Hugh Blair-Smith

Author Hugh Blair-Smith.

Hugh Blair-Smith grew up in the cities of the Northeastern Megalopolis that stretches from Washington to Boston, always wanting to become an engineer–which he then understood was about building bridges. Studying electronic engineering and applied physics at Harvard, he learned that computers are much more fun than bridges, and making them do six impossible things before breakfast was even better. As the Space Race began, he joined the engineering staff of MIT’s Instrumentation Laboratory, founded by Charles Stark “Doc” Draper to develop self-contained inertial navigation for missiles, aircraft, and spacecraft.
That timing gave him a ground-floor spot with Apollo’s Primary Guidance, Navigation, and Control system, where he became the software specialist on the Apollo Guidance Computer design team, and the computer hardware specialist on the AGC programming team. Halfway through a 22-year career at MIT, he refocused on fault tolerance logic for the Space Shuttle’s onboard computer system. Direct contact with astronauts included Buzz Aldrin (studying rendezvous science at MIT), Dave Scott (among the first to fully embrace the AGC way of flying), and Bob Crippen (a team member on the Shuttle work).
Leaving MIT at the end of 1981, he produced special-purpose software for two startup companies, became a migrant worker (software division), and joined a company founded by an Apollo colleague. One startup (Interactive Images, later Easel Corporation) pioneered touch screens before the world was ready for them. The other (International Treasury Systems) put touch screens to work in foreign-exchange trading rooms of international banks, which had to be ready for that field’s “Big Bang” in the mid-1980s. His final “cubicle farm” (Programart, later bought by Compuware) made a software tool to identify poor performance in mainframe computers caused by inefficient programming.
After retiring to Cape Cod in 2005, he worked a one-year contract with NASA on reliability software for an instrument in the Lunar Reconnaissance Orbiter, thereby placing thousands of his own ones and zeros in orbit around the Moon. The spacecraft in the 2012 photo, taken in a Virginia museum, is the Apollo 12 Command Module, from the mission that scored the
“point-after-touchdown” in the race to the Moon.

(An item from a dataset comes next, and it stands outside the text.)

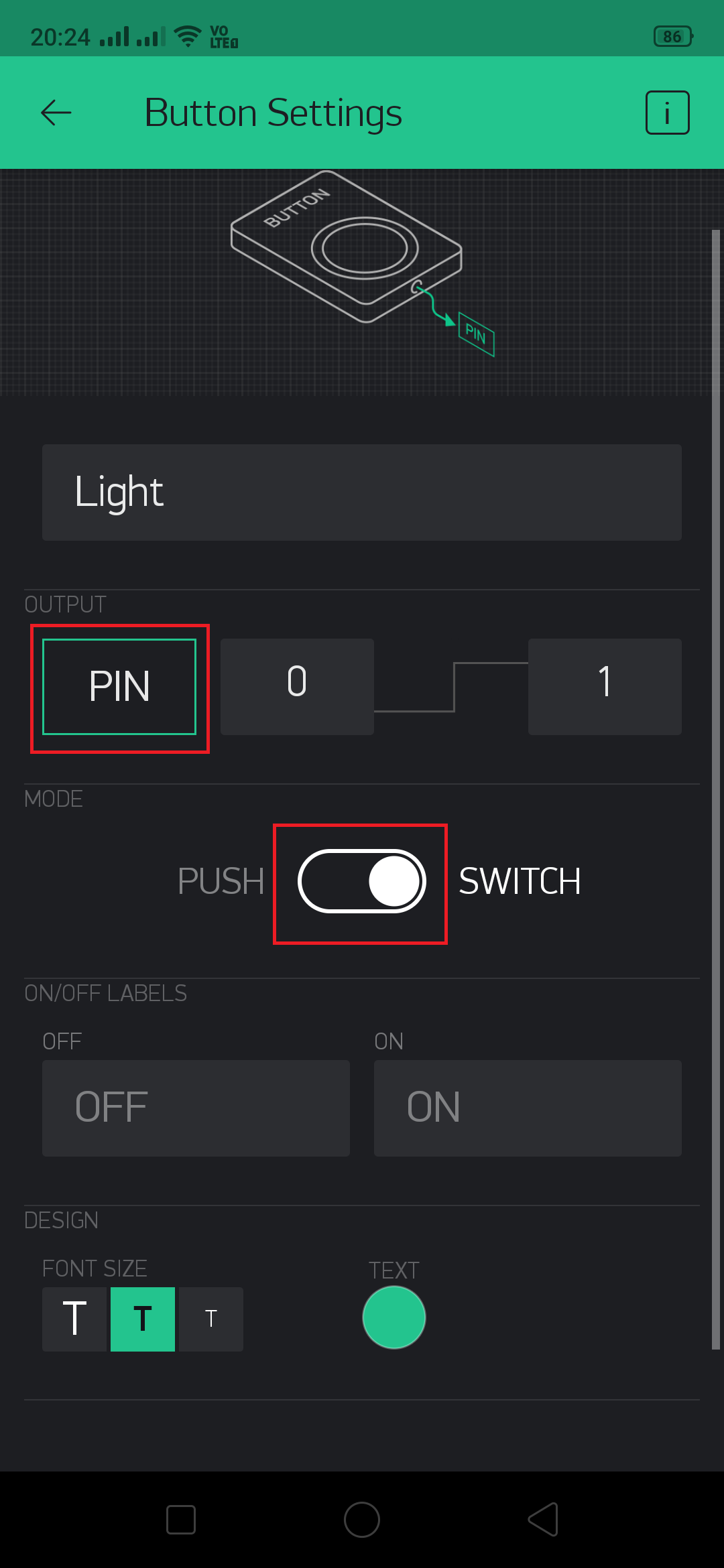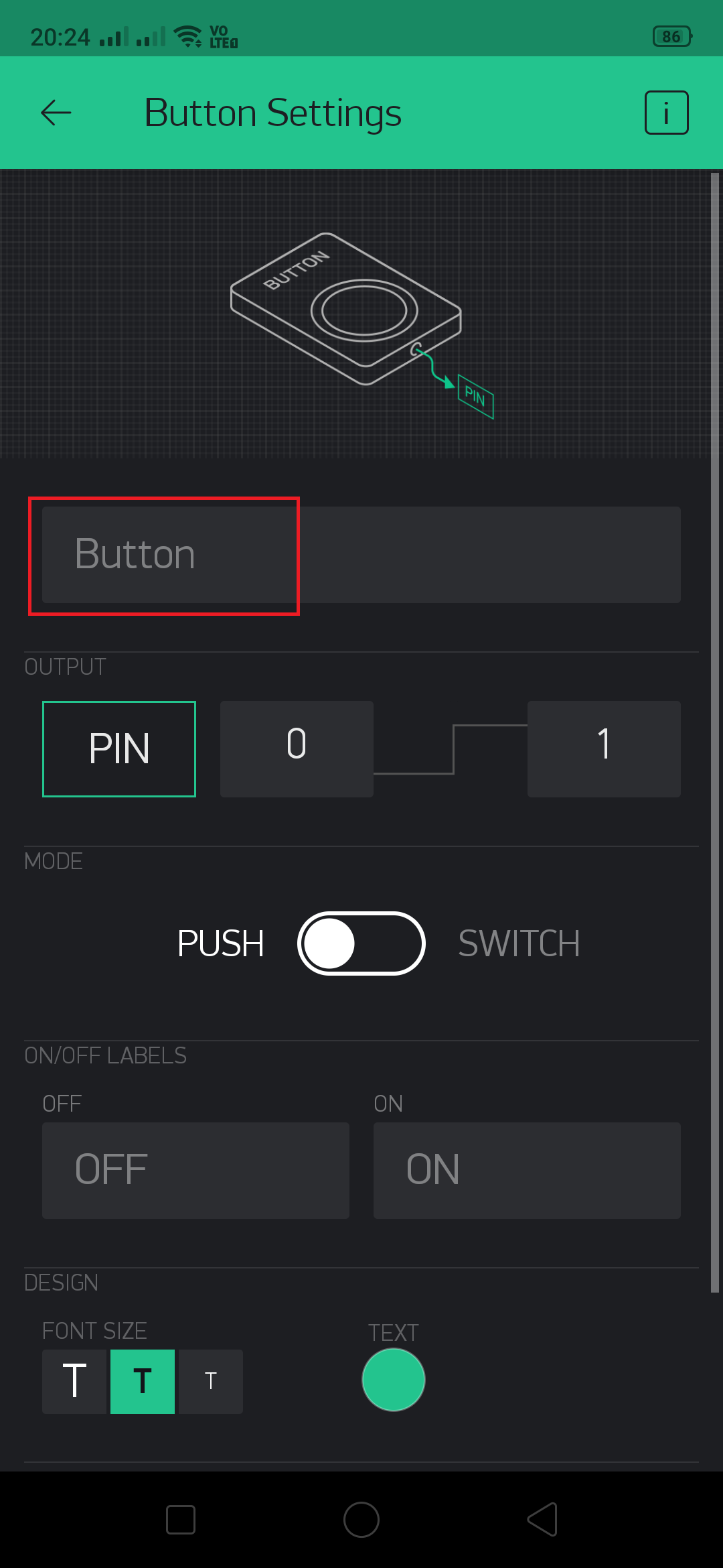 Enter the name of the button. Since we will be using two Buttons, will name it Light and Fan. You can name anything you want. We have given Light.

Hugh and his wife Vicki, married since 1968, have two grown children, who are successful professionals. There are also two teenaged grandchildren and approximately twenty-five granddogs. When he’s not sailing or preparing a paper to give at the next Digital Avionics Systems Conference, he enjoys teaching boating skills, reading (mostly history and other non-fiction), avoiding watching television, taking medium walks and thinking long thoughts, and puzzling out the meaning in a busy life. He has followed through on a decades-long threat to write a book that will appeal to educated readers who may or may not be scientists.